Format Description / Example
credit card number Four four-digit numbers separated by spaces. Four four-digit numbers separated by dashes. Sixteen-digit number. Four five-digit numbers separated by spaces.
date eu Validates date only, not time. dd/mm/yyyy
date inverse Validates date only, not time. yyyy/mm/dd
date iso 8601 Validates date and/or time according to ISO 8601 format. Example: 2021-04-28T09:00:00+02:00
date us Validates date only, not time. mm/dd/yyyy
decimal Number uses a , or . as a decimal indicator.
decimal comma Number uses , as a decimal indicator.
decimal point Number uses . as a decimal indicator.
email name@domain.extension
integer Number is whole.
ip address / ipv4 address Four whole numbers separated by .
ipv6 address Eight values separated by :
money A money pattern with currency symbol + decimal point or comma + currency abbreviation.
money comma A money pattern with currency symbol + decimal comma + currency abbreviation.
money point A money pattern with currency symbol + decimal point + currency abbreviation.
negative decimal Negative number uses a , or . as a decimal indicator.
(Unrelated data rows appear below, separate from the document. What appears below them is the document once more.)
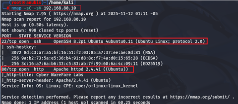 Se realiza un escaneo detallado al host 192.168.80.10, revelando que el puerto 80 (HTTP) y el 22 (SSH) están abiertos.
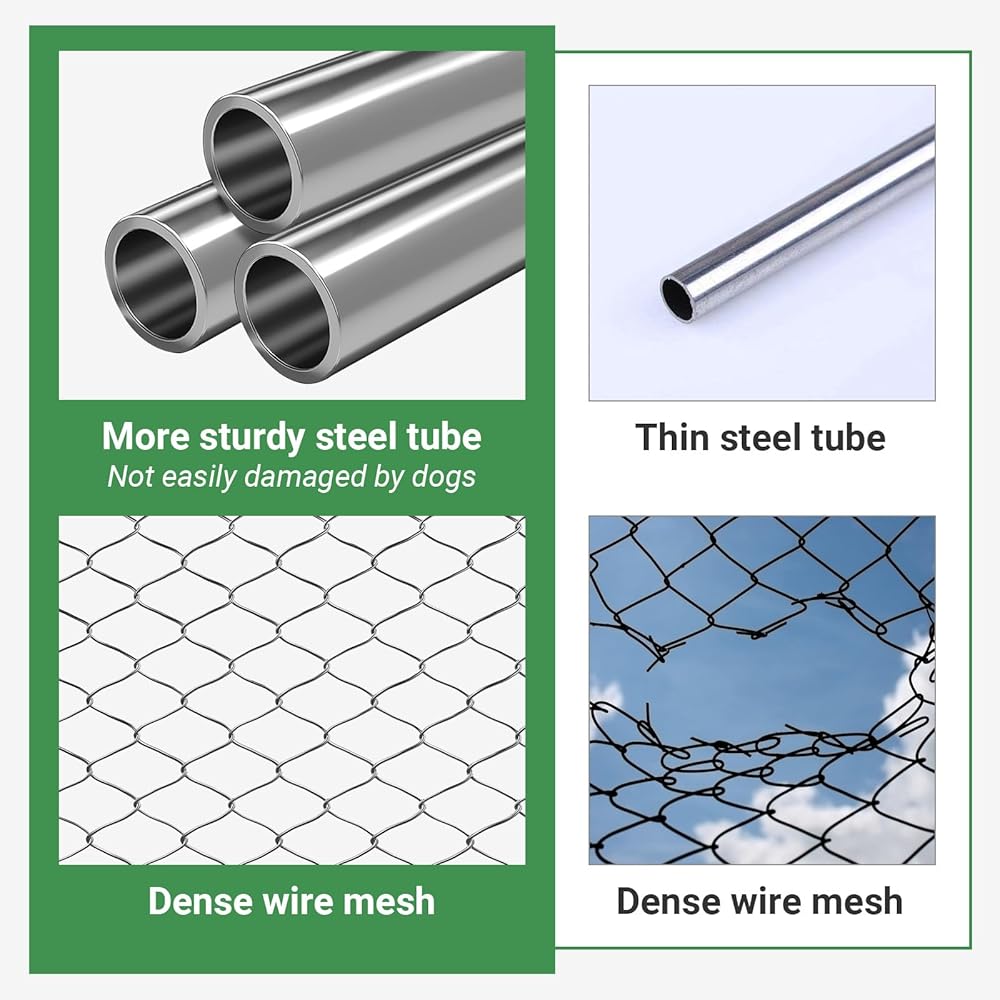 【Easy installation】Built with solid galvanised steel, this dog kennel is designed to withstand the elements. The spring-buckle-connected design makes installation quick and hassle-free, saving time and effort.
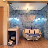 弁天町という町名は、七福神の唯一の女神「弁財天」に由来します。 元禄11(1698)年、現在の大阪市港区に大阪湾一帯で最大規模を誇る「市岡新田」が開墾されましたが、新田の完成後も水害に悩まされ、田畑は荒廃しました。この水害を鎮めるため、新田の拠点としていた会所に水に縁の深い弁財天が祀られたといいます。 水の神「弁財天」にちなみ、当施設では「美と水」を主題に掲げ内装を構想いたしました。屋上に露天風呂、シアター設備、庭園、大きなソファでくつろげるリビングルームを備えており、最新の美容家電もご用意しております。 この地の歴史に思いを馳せながら、ゆったりと贅沢なお時間を過ごして頂けることを願っております。
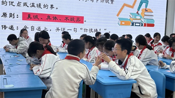 崇庆中学附属初中邹倩老师:拒绝“蛐蛐”,让友谊不掺“刺”。以新颖的视角拆解人际矛盾,通过角色扮演还原“插刺”场景,引导学生反思言语伤害,用沟通游戏重建信任,让“真诚交往”的种子,在青春心田生根发芽。
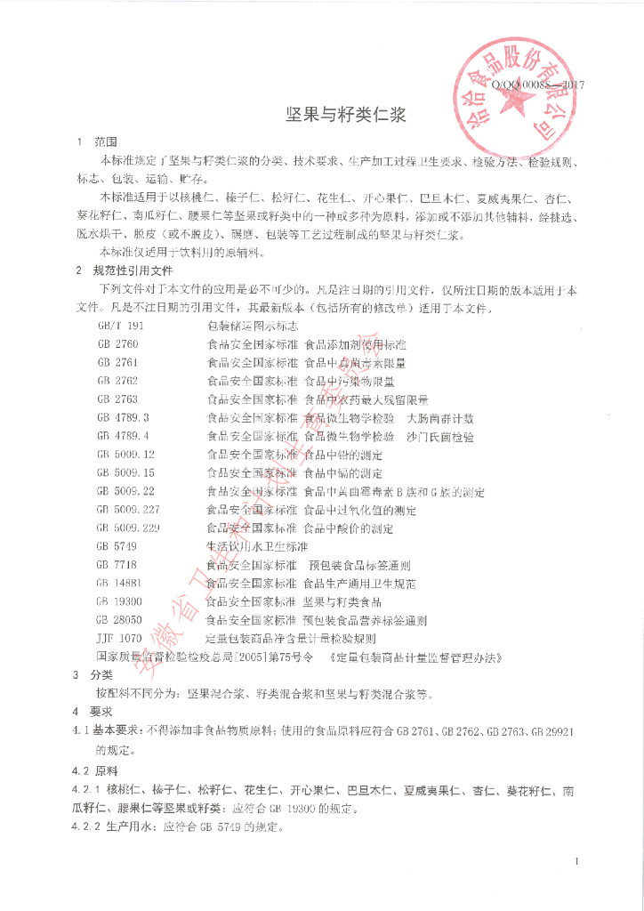 Q/QQ 0008S-2017 坚果与籽类仁浆
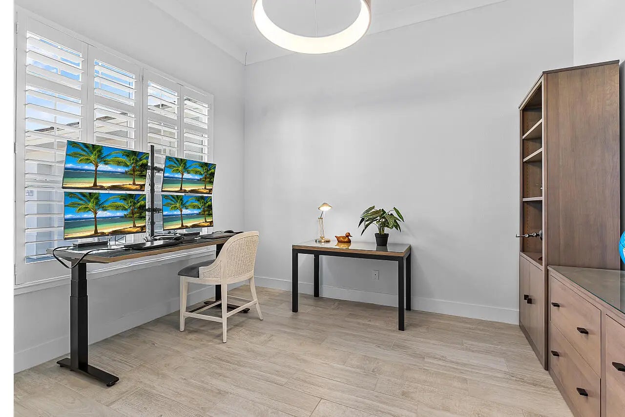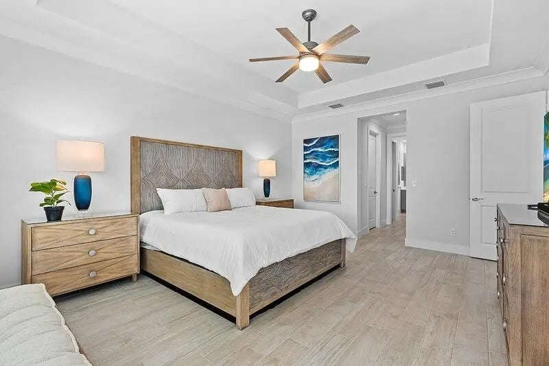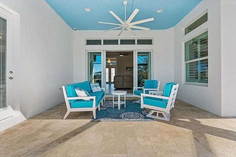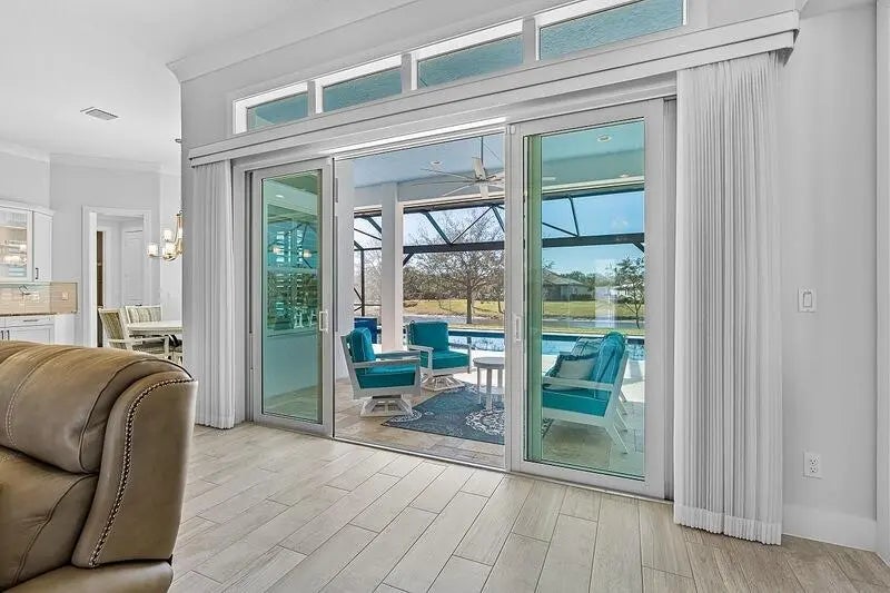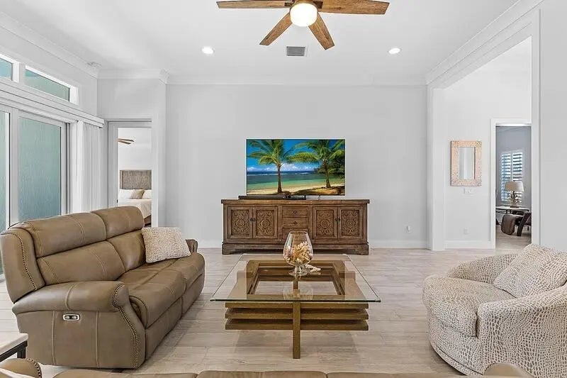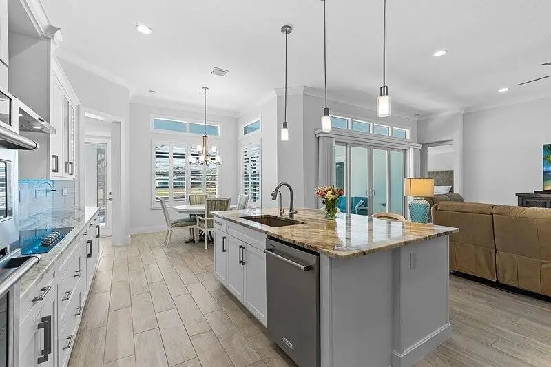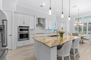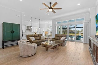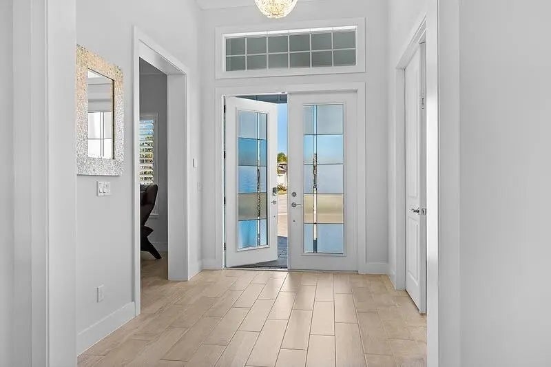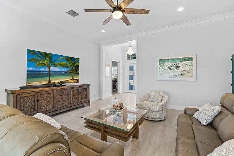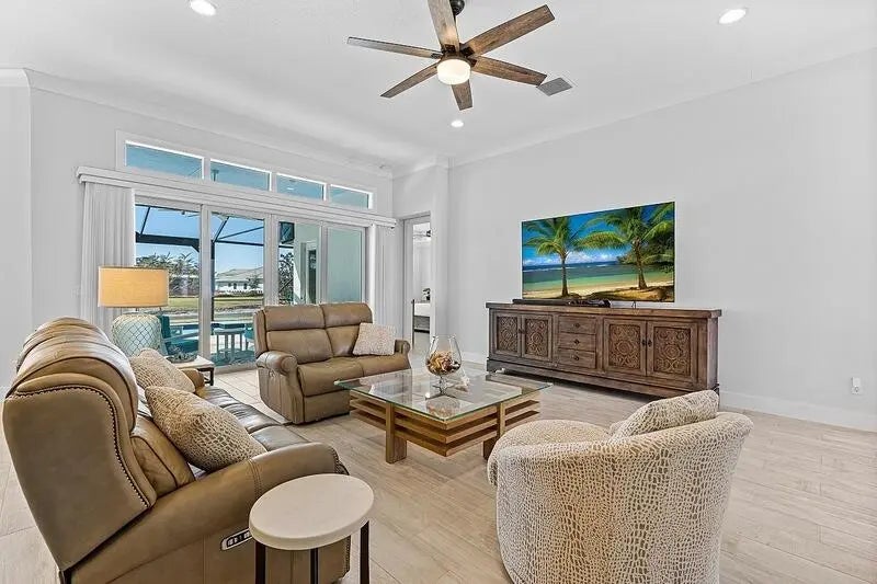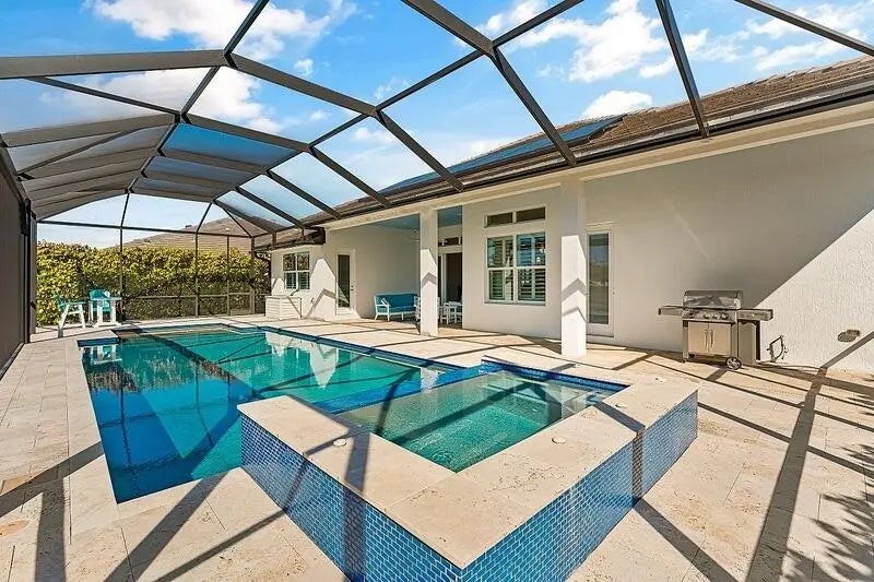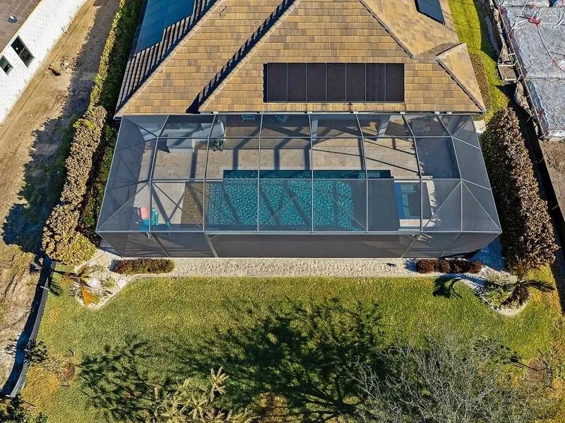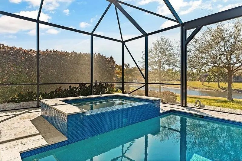 Coastal luxury meets lakefront serenity in Bent Pine, where an expansive lanai and a south-facing heated saltwater pool with waterfall spa create a true resort-style escape against a tranquil lake backdrop with Florida wildlife views. Travertine decking and a screened enclosure provide breezy, year-round outdoor living. Inside: 4 bedrooms, 3 baths, plus a den/flex room and private office. Chef's kitchen with stainless KitchenAid appliances and a walk-in pantry; 4.5'' plantation shutters and smart-home features throughout. Major upgrades include impact windows/doors, tile roof, and a 3-car side-load epoxy garage. Owned solar (30 panels) + 30 kWh Enphase battery, 4-stage filtration and RO, 60-amp EV circuit, and 10-camera security with Ring monitoring. A private, polished retreat designed for effortless Florida living. rmszappr&sub2err

negative decimal comma Negative number uses , as decimal indicator.
negative decimal point Negative number uses . as decimal indicator.
negative integer Number is negative and whole.
negative percentage Negative number is a percentage.
negative percentage comma Negative number is a percentage with a , decimal indicator.
negative percentage point Negative number is a percentage with a . decimal indicator.
percentage Number is a percentage.
percentage comma Number is a percentage with a , decimal indicator.
percentage point Number is a percentage with a . decimal indicator.
phone number Examples: +12 123 123 1234 123 123 1234 +1 123-123-1234 +12 123-123-1234 +12 123 123-1234 555-2368 555-ABCD
positive decimal Positive number uses a , or . as a decimal indicator.
positive decimal comma Positive number uses , as decimal indicator.
positive decimal point Positive number uses . as decimal indicator.
positive integer Number is positive and whole.
positive percentage Positive number is a percentage.
positive percentage comma Positive number is a percentage with a , decimal indicator.
positive percentage point Positive number is a percentage with a . decimal indicator.
time 12h Validates against the 12-hour clock. hh:mm:ss
time 12h nosec Validates against the 12-hour clock. hh:mm
time 24h Validates against the 24-hour clock. hh:mm:ss
time 24h nosec Validates against the 24-hour clock. hh:mm
timestamp 12h Validates against the 12-hour clock. hh:mm:ss
timestamp 24h Validates against the 24-hour clock. hh:mm:ss
uuid Universally unique identifier.

Incorporating these validity checks into workflows enables proactive monitoring and maintenance of dataset correctness, ensuring compliance with organizational data quality standards.